*What is required*
From the line that contains "穿过大理石通道,越过水晶洞穴" to the end of the entries, copy each line exactly, though the pictures stay out.

== Segment start ==

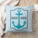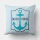 Coastal Teal Anchor Beach House Location Throw Pillow
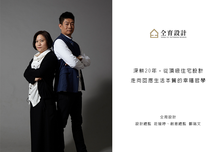 仝育設計的創辦人──莊媛婷總監與鄭瑞文總監,多年來懷抱著「透過設計,療癒人心、創造幸福」的暖心理念,將生活中汲取的美好體驗,篆刻於客戶們的理想空間之中。團隊以擅長的「形、色、質、空、光」為設計語彙,將自然元素轉化為空間層次和放鬆氛圍,歷年作品屢獲國際設計大獎肯定。
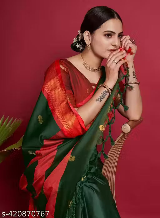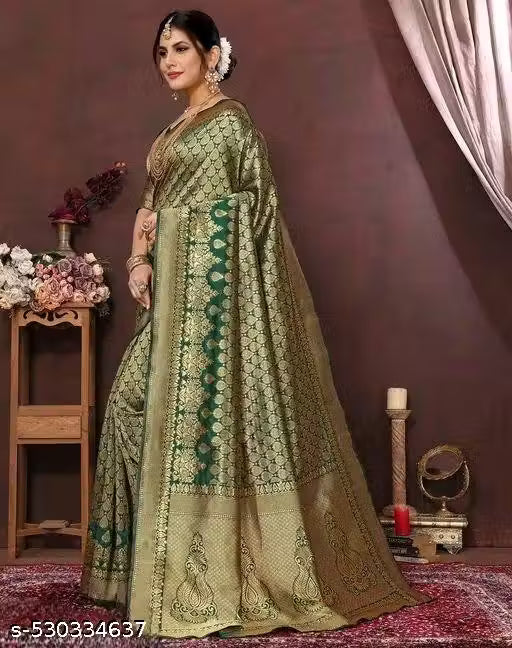 PAITHANI RICH PALLU SILK SAREE WITH BLOUSE(GREEN)
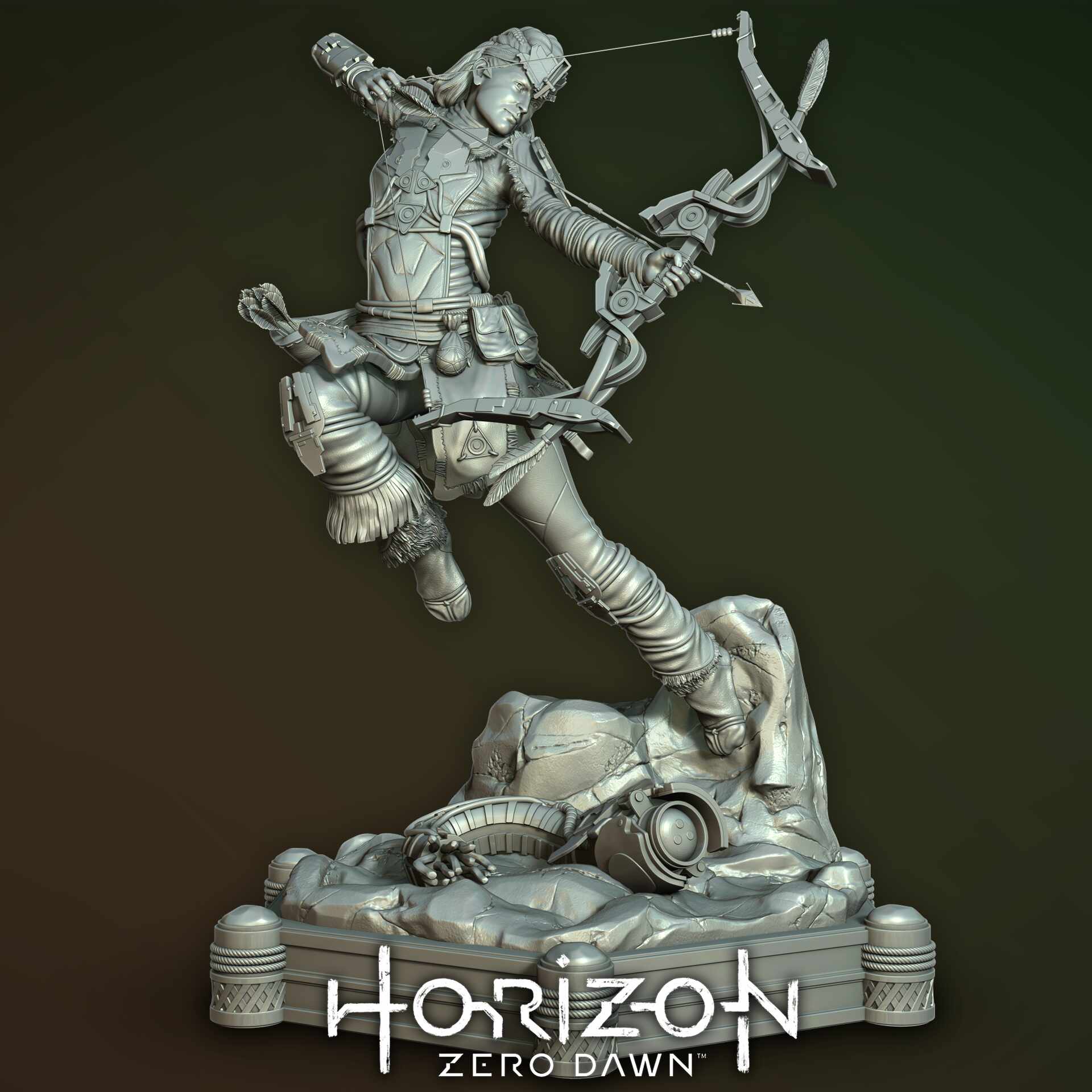 Aloy Fan Art model (with Shield Weaver armor) realized during the Daniele Angelozziโs collectible sculpture course.
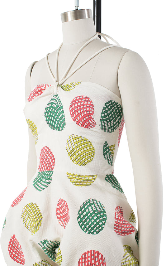 1950s Polka Dot Balloon Shorts Cotton Piqué Romper | small
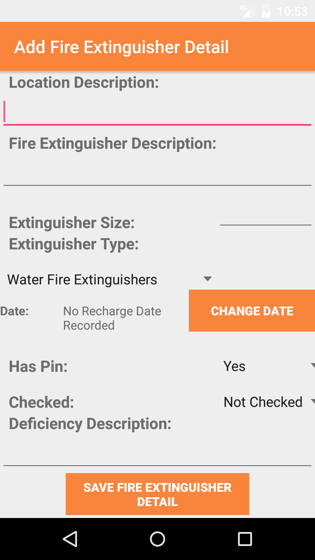 - Then tap on the Fire Extinguisher Inspection button.
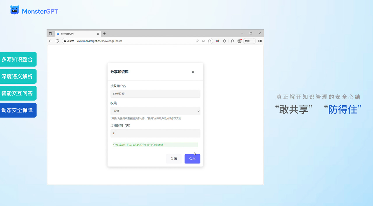 在知识管理领域,“共享”与“安全”似乎总是一对难以调和的矛盾——既要让团队高效获取所需信息,又要严防核心数据外泄。MonsterGPT 智能知识管理平台的动态安全保障体系,正是为破解这一困局而来,通过技术创新构建起全方位的知识防护网。该体系的核心在于多维动态权限矩阵,它像一位“智能门卫”,会调整访问权限:首先是用户角色,比如销售团队能接触客户资料,而研发团队则可查看技术文档;其次是业务场景,内部沟通时可共享详细方案,对外投标时则自动过滤敏感数据。这种“千人千面”的权限管理,确保每个用户只能接触到“该看”的内容。
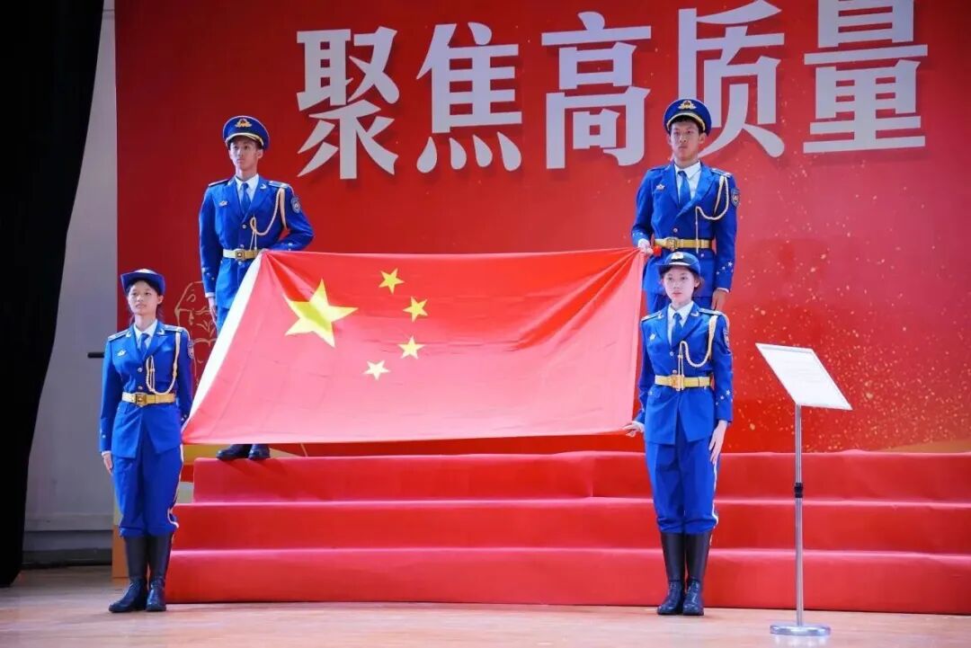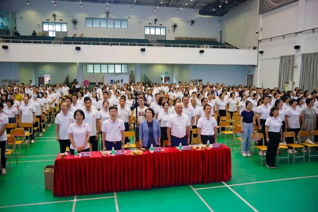 新入职教师向2023年度退休教职工、满三十年教龄(工龄)教职工献花。
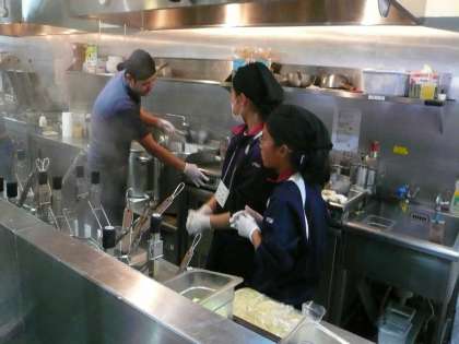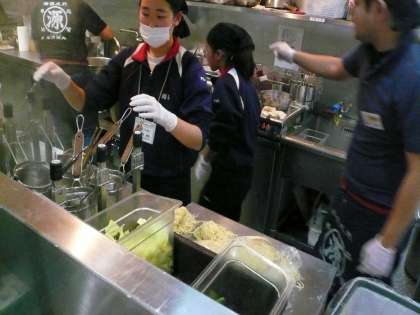 ラーメン店、チーズケーキ店で働く生徒たちです。なかなか制服が似合っています。
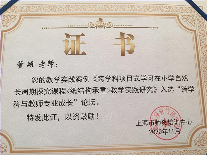 东方小学教师们积极参加本年度跨学科项目学习的论文比赛。功夫不负有心人,最终董颖老师的参赛案例《跨学科项目式学习在小学自然长周期探究课程<纸结构承重>教学实践探究》入选“跨学科与教师专业成长”论坛。
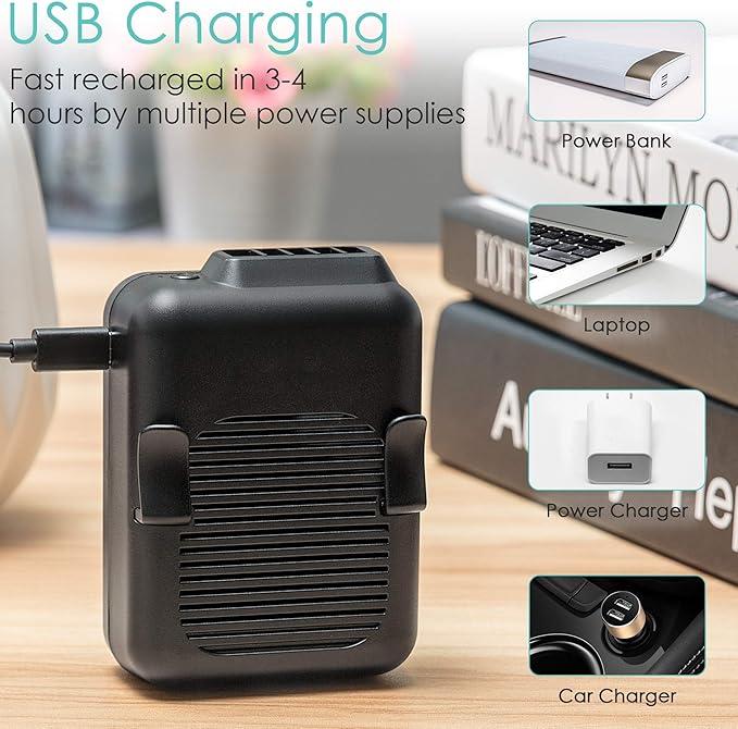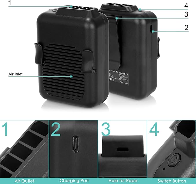 - What You Get: (1) Portable Mini Waist Fan; (2)USB Cable; (3) Neck Strap; (4) User Manual
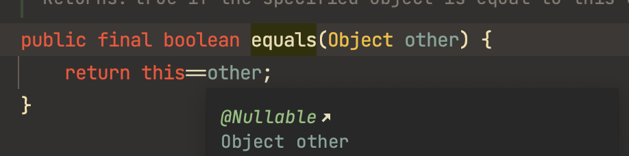 내부적으로는 equals가 == 를 사용하는 것을 알 수 있습니다.
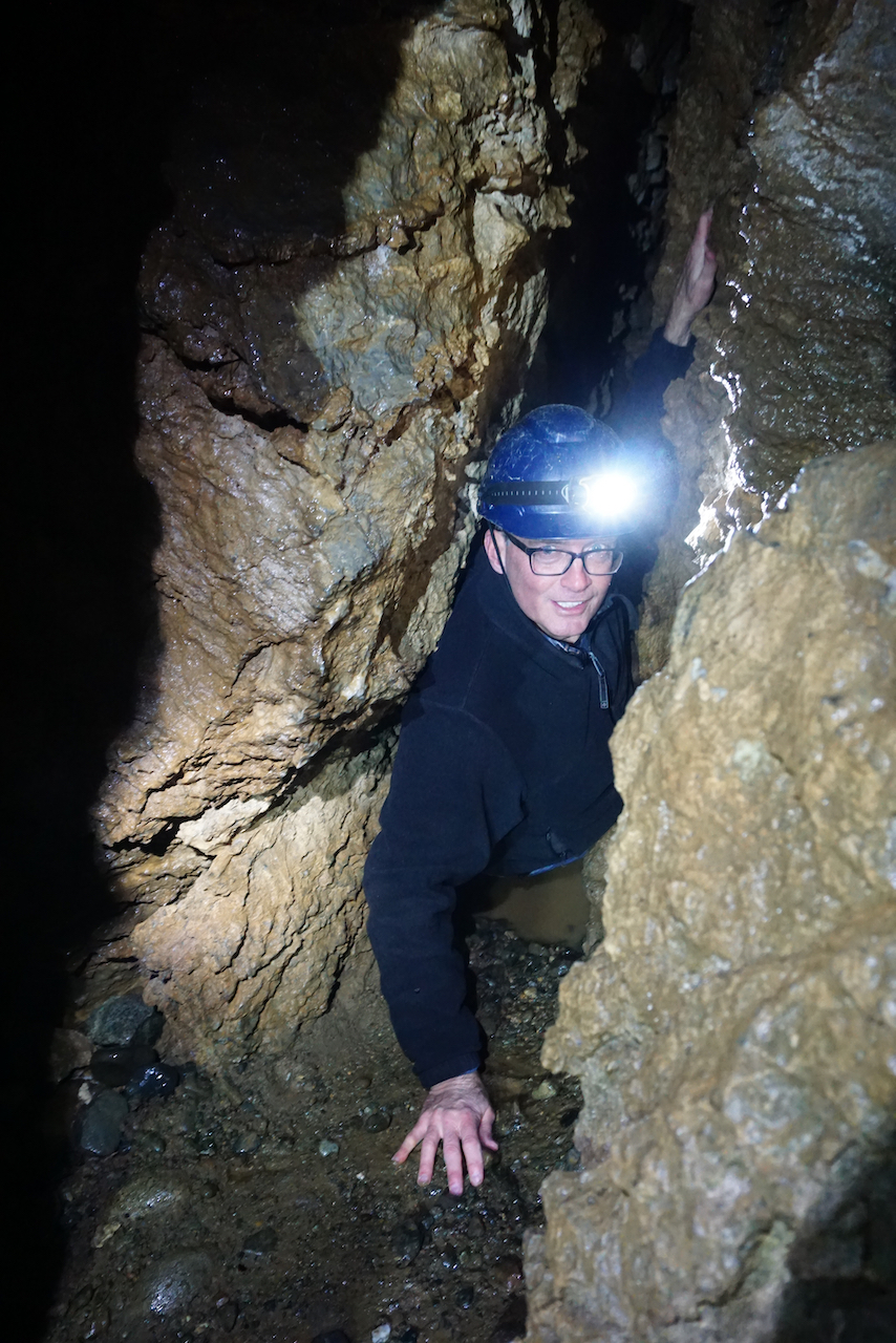 穿过大理石通道,越过水晶洞穴,许多地方需要匍匐前行,手足并用,假如挤不过一线之处,如此身材则要另觅别路。偶遇蝙蝠悬于穴顶,或见蜘蛛结网于隙缝,Richard讲这些均显平常,传说地下河里竟然还有鱼虾,终日黑暗令其眼睛进化到无,听到这些,略感诡异,生命如此生生不息,大自然着实伟大。
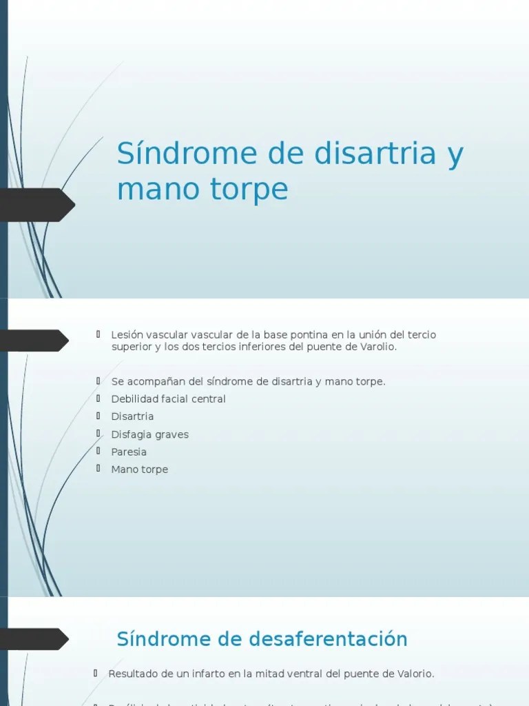 Es un síndrome que combina hemiparesia con síntomas.. . Disartria y mano torpe disartria y mano torpe es el síndrome lacunar extrahospitalario más frecuente.

== Segment end ==

*Result*
 穿过大理石通道,越过水晶洞穴,许多地方需要匍匐前行,手足并用,假如挤不过一线之处,如此身材则要另觅别路。偶遇蝙蝠悬于穴顶,或见蜘蛛结网于隙缝,Richard讲这些均显平常,传说地下河里竟然还有鱼虾,终日黑暗令其眼睛进化到无,听到这些,略感诡异,生命如此生生不息,大自然着实伟大。
 Es un síndrome que combina hemiparesia con síntomas.. . Disartria y mano torpe disartria y mano torpe es el síndrome lacunar extrahospitalario más frecuente.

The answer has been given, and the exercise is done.